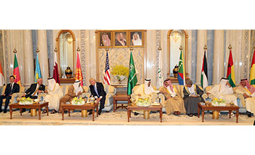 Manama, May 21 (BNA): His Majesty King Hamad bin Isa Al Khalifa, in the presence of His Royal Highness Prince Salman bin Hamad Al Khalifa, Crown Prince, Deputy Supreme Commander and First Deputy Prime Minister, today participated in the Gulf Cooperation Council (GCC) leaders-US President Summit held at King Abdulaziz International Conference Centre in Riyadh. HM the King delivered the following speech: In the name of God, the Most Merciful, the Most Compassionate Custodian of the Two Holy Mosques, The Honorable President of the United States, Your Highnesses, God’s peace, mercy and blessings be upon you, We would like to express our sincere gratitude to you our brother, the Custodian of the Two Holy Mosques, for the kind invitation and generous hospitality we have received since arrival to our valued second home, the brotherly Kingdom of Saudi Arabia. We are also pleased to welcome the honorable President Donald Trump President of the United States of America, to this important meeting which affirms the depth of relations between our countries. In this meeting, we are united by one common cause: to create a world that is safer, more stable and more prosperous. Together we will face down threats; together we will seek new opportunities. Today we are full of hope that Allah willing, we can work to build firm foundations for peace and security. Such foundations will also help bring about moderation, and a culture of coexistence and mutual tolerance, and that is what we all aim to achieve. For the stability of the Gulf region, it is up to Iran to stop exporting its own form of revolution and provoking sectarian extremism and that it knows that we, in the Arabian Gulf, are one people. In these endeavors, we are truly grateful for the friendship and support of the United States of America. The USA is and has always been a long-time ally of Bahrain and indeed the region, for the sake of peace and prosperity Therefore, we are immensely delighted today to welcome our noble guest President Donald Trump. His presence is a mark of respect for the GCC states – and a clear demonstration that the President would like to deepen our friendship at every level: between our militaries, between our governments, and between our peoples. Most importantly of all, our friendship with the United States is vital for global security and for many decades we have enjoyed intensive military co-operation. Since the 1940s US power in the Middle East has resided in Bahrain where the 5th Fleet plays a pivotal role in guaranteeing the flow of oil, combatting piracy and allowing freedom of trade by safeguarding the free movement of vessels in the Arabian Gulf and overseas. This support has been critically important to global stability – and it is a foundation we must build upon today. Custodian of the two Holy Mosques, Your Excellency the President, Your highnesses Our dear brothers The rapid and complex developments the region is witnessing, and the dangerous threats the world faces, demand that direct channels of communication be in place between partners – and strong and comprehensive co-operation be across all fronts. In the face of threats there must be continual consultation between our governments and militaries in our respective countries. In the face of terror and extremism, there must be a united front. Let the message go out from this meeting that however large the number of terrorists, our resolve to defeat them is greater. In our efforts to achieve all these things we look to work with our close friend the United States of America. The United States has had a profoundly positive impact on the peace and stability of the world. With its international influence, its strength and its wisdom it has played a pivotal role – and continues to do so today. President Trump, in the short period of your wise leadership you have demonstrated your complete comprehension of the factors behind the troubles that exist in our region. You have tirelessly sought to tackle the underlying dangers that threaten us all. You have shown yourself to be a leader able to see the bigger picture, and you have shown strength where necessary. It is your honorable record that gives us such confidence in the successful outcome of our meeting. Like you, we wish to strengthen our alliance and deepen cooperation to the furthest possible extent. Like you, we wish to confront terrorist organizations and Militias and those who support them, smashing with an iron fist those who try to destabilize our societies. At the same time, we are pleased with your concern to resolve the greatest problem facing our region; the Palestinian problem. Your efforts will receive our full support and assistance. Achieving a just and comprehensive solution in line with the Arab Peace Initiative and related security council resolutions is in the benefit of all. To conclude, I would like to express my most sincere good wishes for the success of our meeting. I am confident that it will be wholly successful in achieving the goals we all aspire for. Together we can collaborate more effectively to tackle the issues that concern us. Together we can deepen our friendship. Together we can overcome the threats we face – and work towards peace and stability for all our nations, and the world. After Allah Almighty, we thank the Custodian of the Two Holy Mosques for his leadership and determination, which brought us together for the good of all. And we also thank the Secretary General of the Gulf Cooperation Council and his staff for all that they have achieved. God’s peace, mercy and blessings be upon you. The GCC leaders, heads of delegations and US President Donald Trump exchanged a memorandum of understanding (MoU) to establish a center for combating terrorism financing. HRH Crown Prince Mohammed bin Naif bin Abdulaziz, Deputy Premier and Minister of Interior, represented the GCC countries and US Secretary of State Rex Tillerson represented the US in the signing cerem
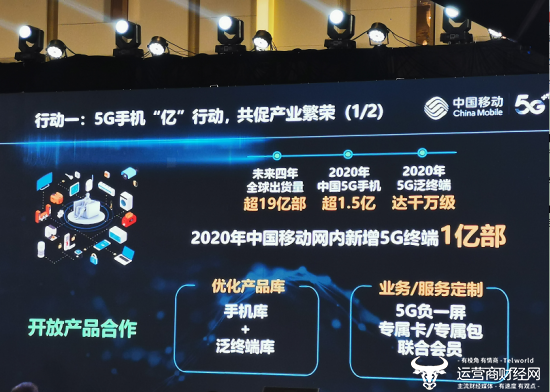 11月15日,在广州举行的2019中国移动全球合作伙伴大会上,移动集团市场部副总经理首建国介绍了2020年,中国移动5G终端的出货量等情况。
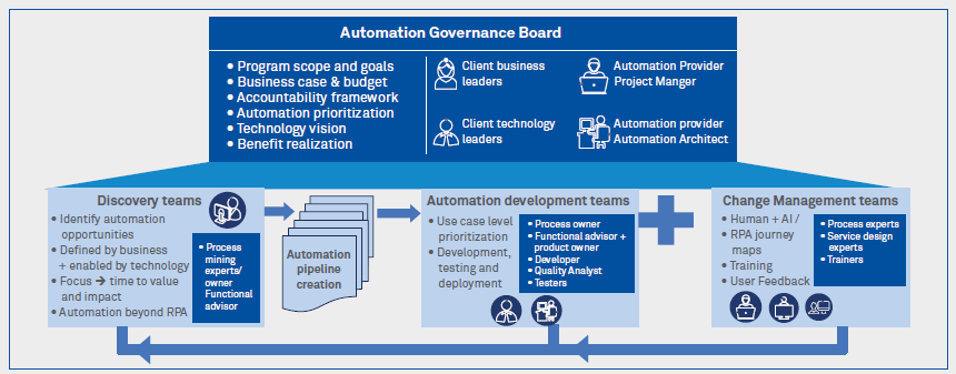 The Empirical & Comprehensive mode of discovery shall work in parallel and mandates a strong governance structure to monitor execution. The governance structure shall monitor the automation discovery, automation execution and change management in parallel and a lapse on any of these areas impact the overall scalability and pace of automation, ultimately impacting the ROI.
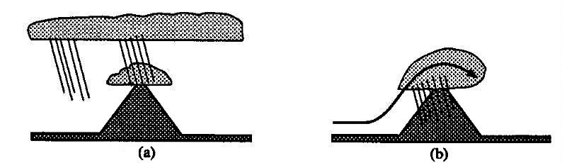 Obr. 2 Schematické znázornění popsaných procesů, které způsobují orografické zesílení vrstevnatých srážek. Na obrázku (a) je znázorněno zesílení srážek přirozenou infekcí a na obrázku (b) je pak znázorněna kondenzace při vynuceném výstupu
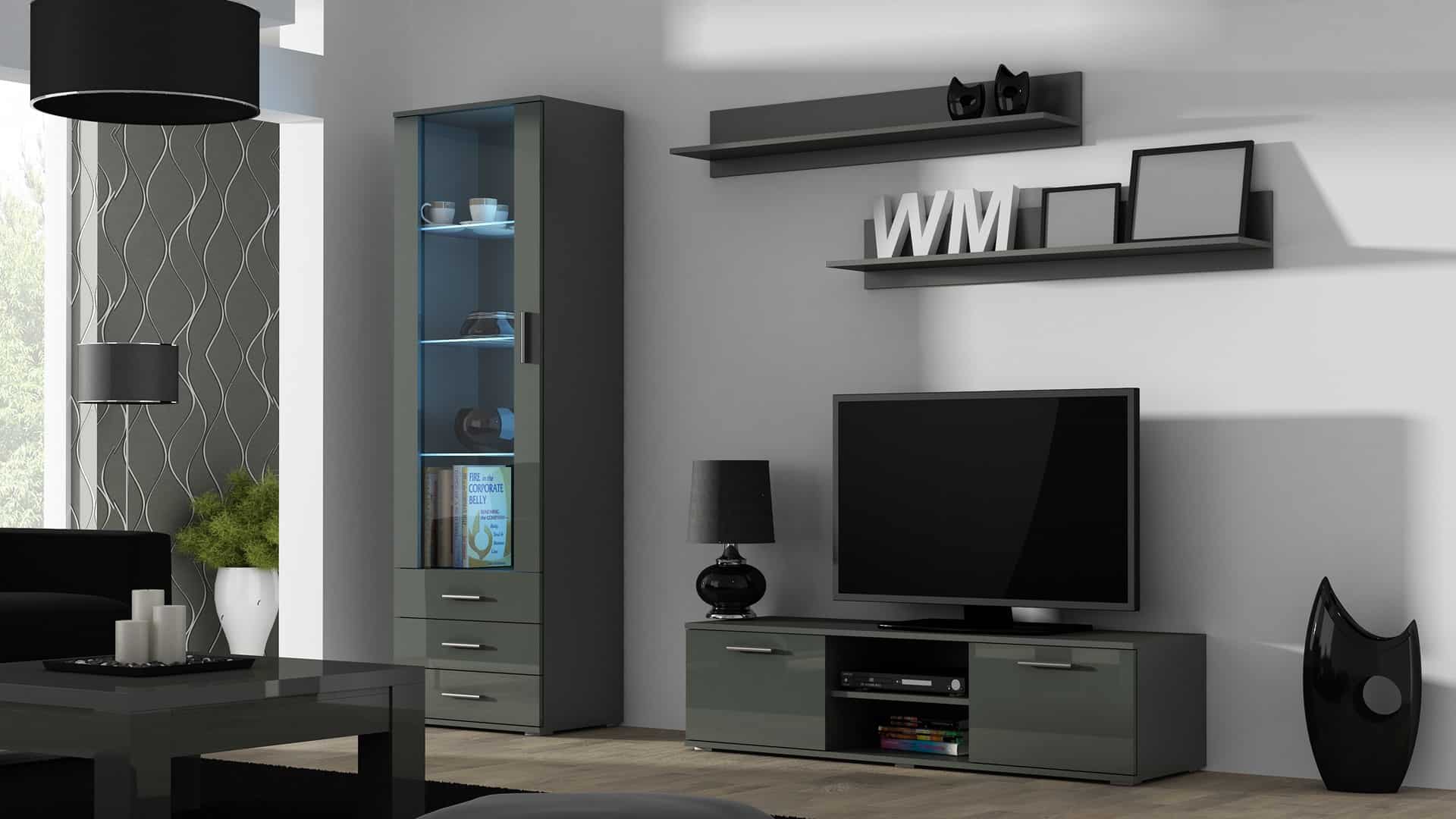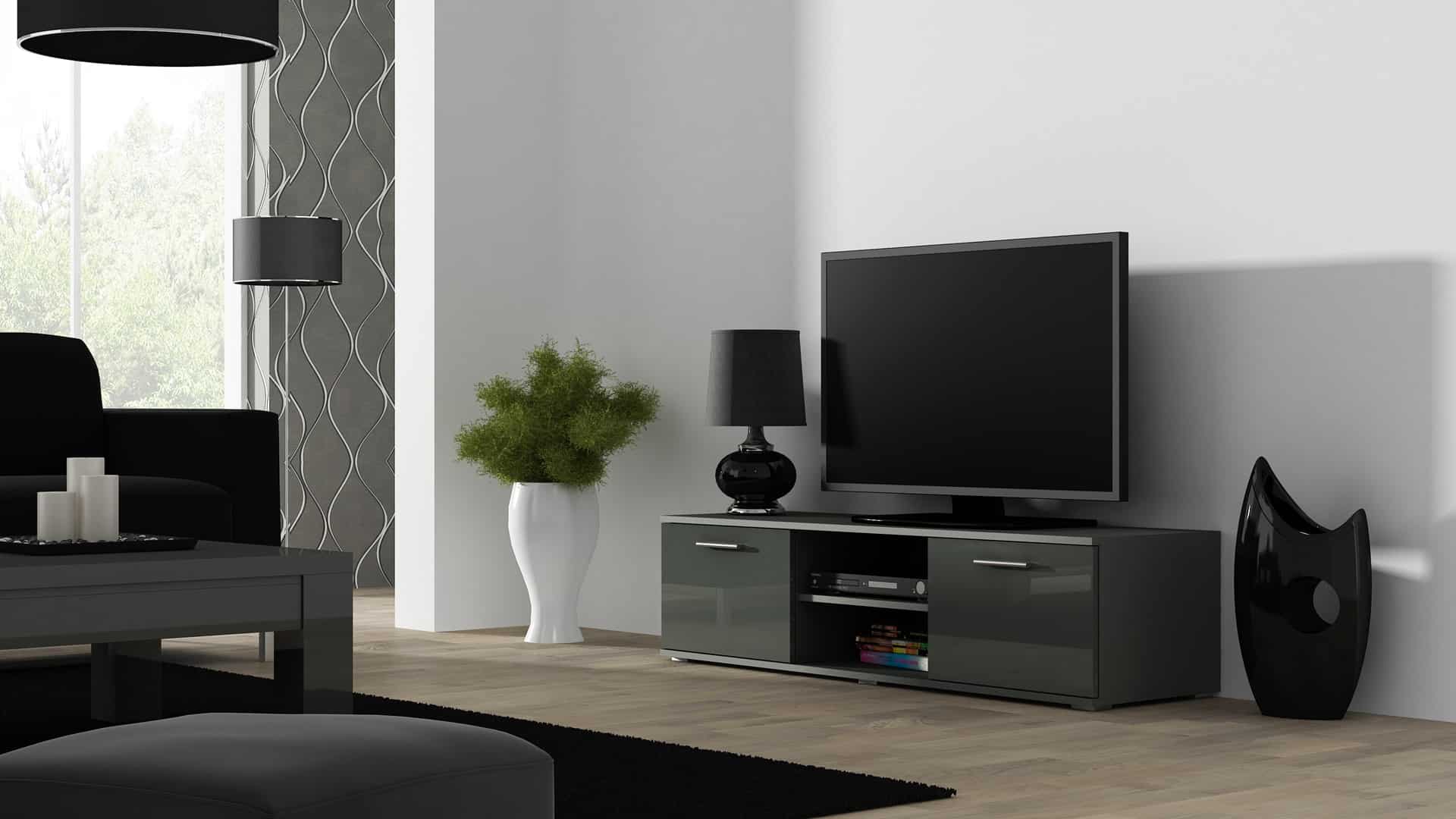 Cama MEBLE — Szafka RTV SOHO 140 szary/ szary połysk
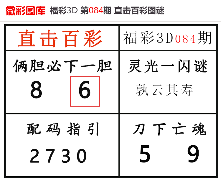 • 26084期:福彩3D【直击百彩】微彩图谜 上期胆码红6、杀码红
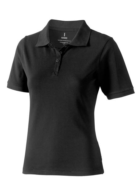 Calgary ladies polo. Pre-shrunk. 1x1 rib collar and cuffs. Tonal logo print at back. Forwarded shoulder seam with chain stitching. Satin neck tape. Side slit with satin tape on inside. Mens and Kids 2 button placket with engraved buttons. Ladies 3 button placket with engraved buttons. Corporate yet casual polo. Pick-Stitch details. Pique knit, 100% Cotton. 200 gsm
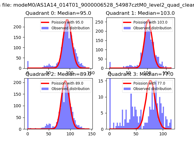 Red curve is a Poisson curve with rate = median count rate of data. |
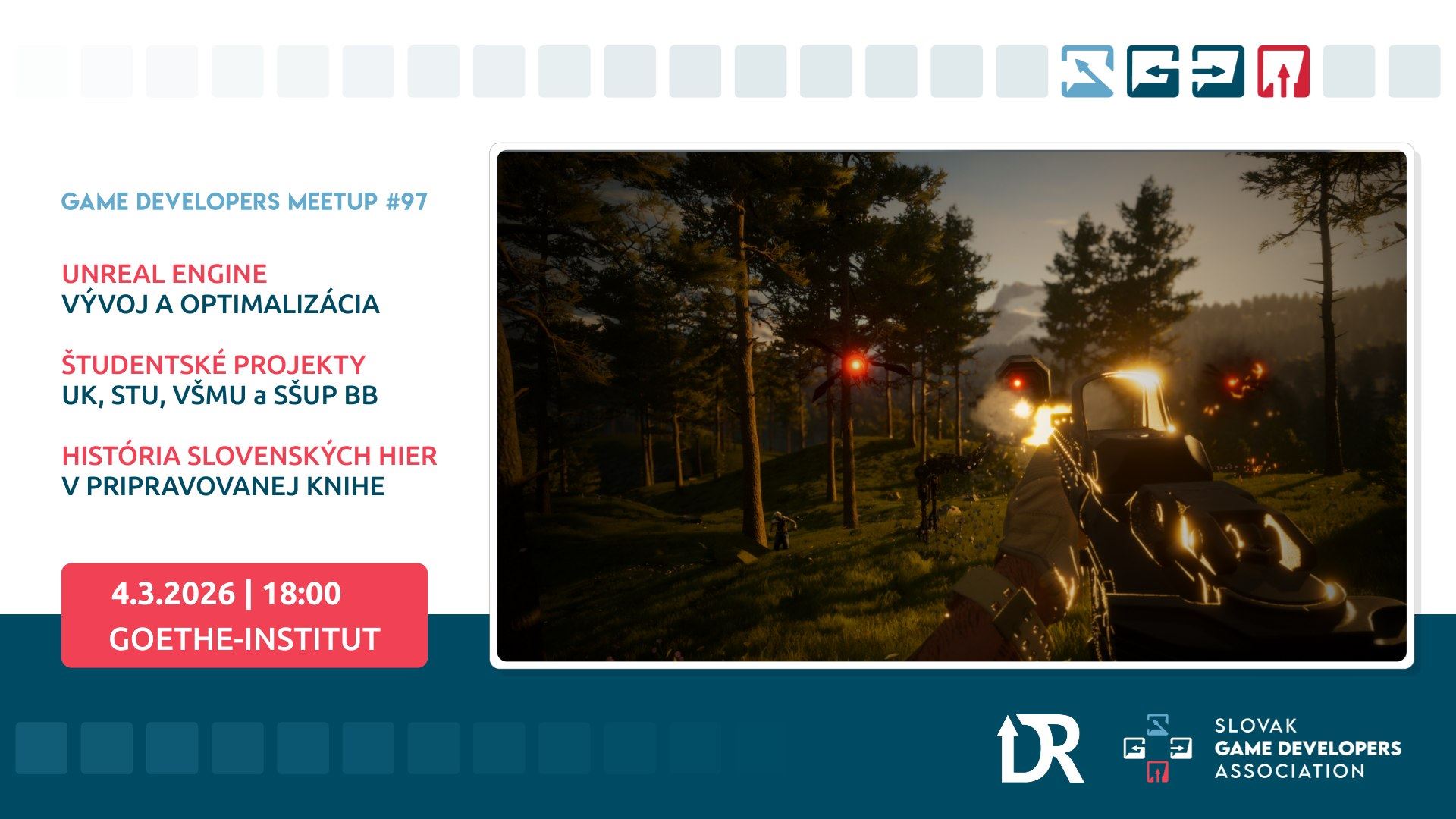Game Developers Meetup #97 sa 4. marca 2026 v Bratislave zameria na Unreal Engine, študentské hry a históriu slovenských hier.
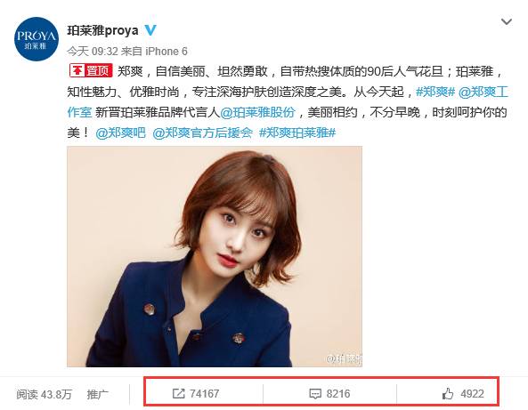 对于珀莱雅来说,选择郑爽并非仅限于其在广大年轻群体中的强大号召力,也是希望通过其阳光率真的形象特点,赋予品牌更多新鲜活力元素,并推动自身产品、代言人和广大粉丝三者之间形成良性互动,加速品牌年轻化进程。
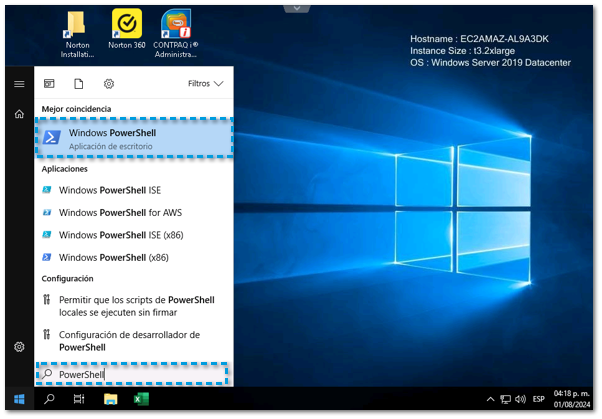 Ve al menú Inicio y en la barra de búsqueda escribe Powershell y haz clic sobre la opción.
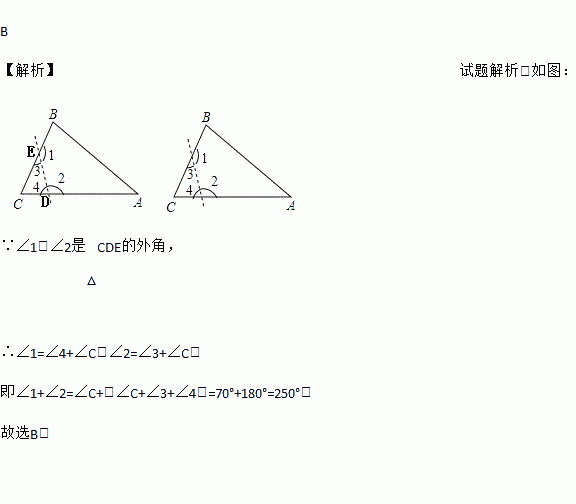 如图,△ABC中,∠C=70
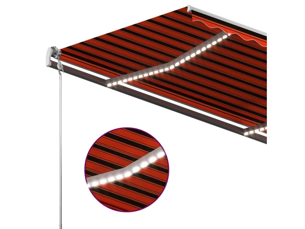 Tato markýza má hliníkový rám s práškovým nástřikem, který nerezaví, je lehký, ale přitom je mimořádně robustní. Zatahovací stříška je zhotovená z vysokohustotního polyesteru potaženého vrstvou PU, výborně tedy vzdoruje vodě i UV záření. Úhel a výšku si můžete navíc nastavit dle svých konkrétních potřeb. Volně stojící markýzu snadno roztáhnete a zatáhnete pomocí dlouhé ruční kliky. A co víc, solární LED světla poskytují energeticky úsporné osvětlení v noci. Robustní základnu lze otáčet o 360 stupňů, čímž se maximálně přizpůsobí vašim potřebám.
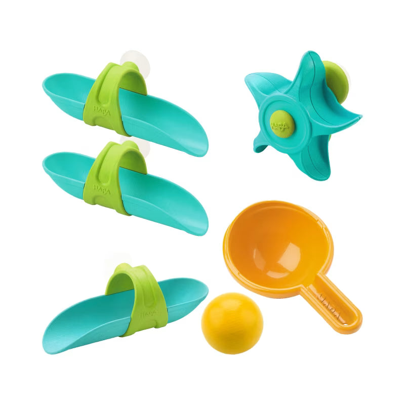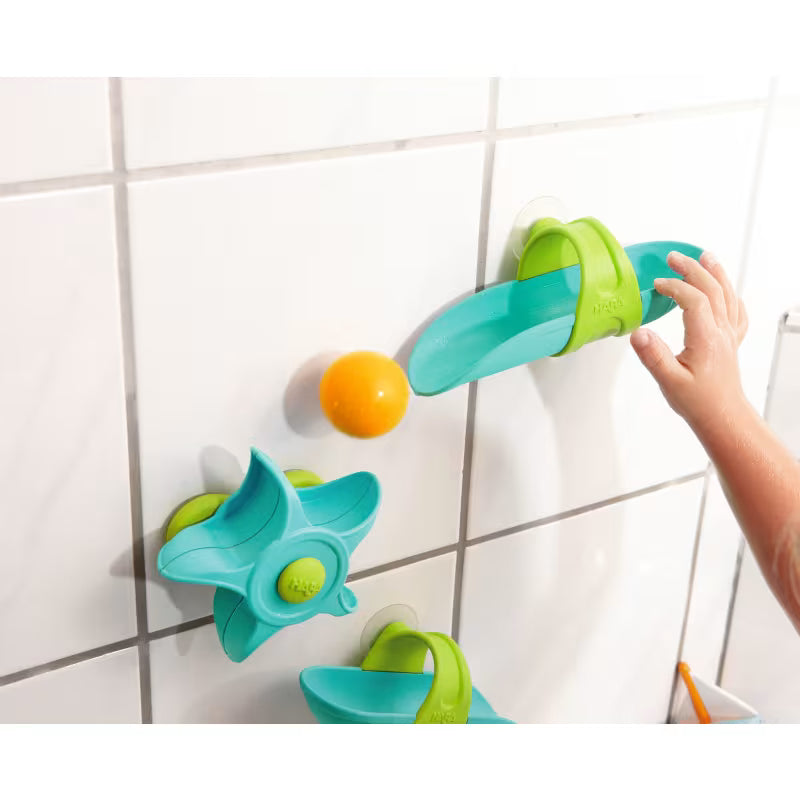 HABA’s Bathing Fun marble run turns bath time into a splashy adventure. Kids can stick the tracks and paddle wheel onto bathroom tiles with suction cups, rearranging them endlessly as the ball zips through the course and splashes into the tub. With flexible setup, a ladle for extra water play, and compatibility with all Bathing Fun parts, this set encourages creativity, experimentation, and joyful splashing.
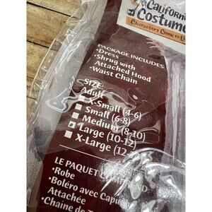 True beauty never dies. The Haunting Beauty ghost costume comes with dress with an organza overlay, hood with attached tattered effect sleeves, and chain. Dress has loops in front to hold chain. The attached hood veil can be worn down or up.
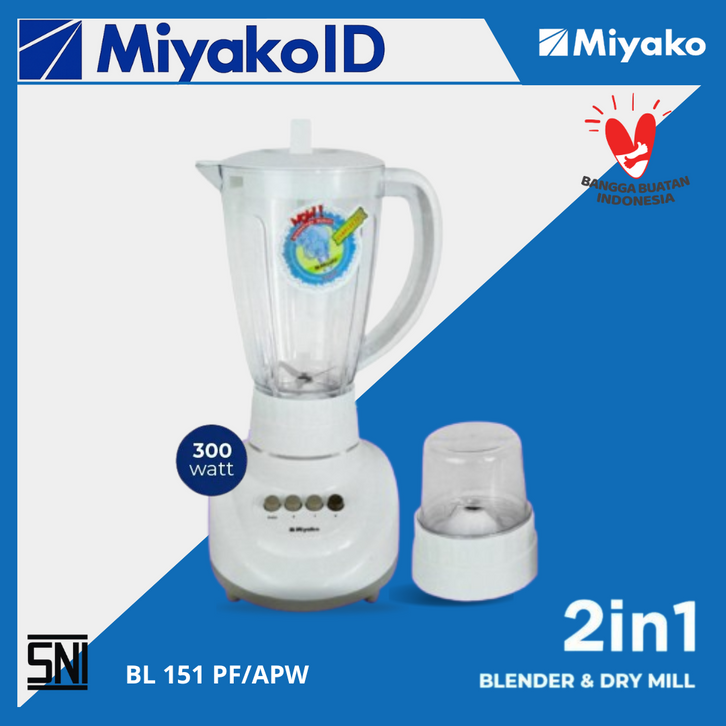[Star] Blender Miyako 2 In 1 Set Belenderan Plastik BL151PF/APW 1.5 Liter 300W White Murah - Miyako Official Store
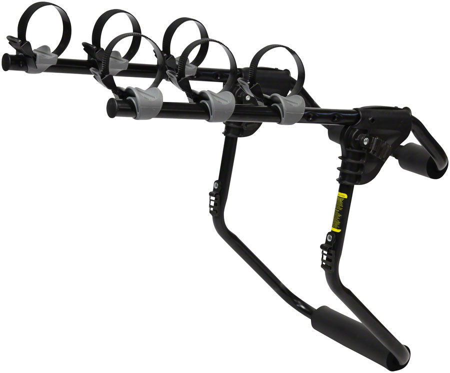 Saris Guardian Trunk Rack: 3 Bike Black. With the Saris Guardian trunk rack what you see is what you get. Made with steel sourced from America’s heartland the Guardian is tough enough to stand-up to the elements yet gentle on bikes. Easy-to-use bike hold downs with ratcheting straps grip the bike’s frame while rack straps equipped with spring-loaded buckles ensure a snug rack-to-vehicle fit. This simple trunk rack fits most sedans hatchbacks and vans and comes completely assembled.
----------
=== What you need to do ===
Starting at the line above that holds "Ve al menú Inicio", repeat every line exactly down to and including the line that holds "[Star] Blender Miyako", then stop. Do not carry over any pictures.

=== Answer ===
 Ve al menú Inicio y en la barra de búsqueda escribe Powershell y haz clic sobre la opción.
 如图,△ABC中,∠C=70
 Tato markýza má hliníkový rám s práškovým nástřikem, který nerezaví, je lehký, ale přitom je mimořádně robustní. Zatahovací stříška je zhotovená z vysokohustotního polyesteru potaženého vrstvou PU, výborně tedy vzdoruje vodě i UV záření. Úhel a výšku si můžete navíc nastavit dle svých konkrétních potřeb. Volně stojící markýzu snadno roztáhnete a zatáhnete pomocí dlouhé ruční kliky. A co víc, solární LED světla poskytují energeticky úsporné osvětlení v noci. Robustní základnu lze otáčet o 360 stupňů, čímž se maximálně přizpůsobí vašim potřebám.
 HABA’s Bathing Fun marble run turns bath time into a splashy adventure. Kids can stick the tracks and paddle wheel onto bathroom tiles with suction cups, rearranging them endlessly as the ball zips through the course and splashes into the tub. With flexible setup, a ladle for extra water play, and compatibility with all Bathing Fun parts, this set encourages creativity, experimentation, and joyful splashing.
 True beauty never dies. The Haunting Beauty ghost costume comes with dress with an organza overlay, hood with attached tattered effect sleeves, and chain. Dress has loops in front to hold chain. The attached hood veil can be worn down or up.
[Star] Blender Miyako 2 In 1 Set Belenderan Plastik BL151PF/APW 1.5 Liter 300W White Murah - Miyako Official Store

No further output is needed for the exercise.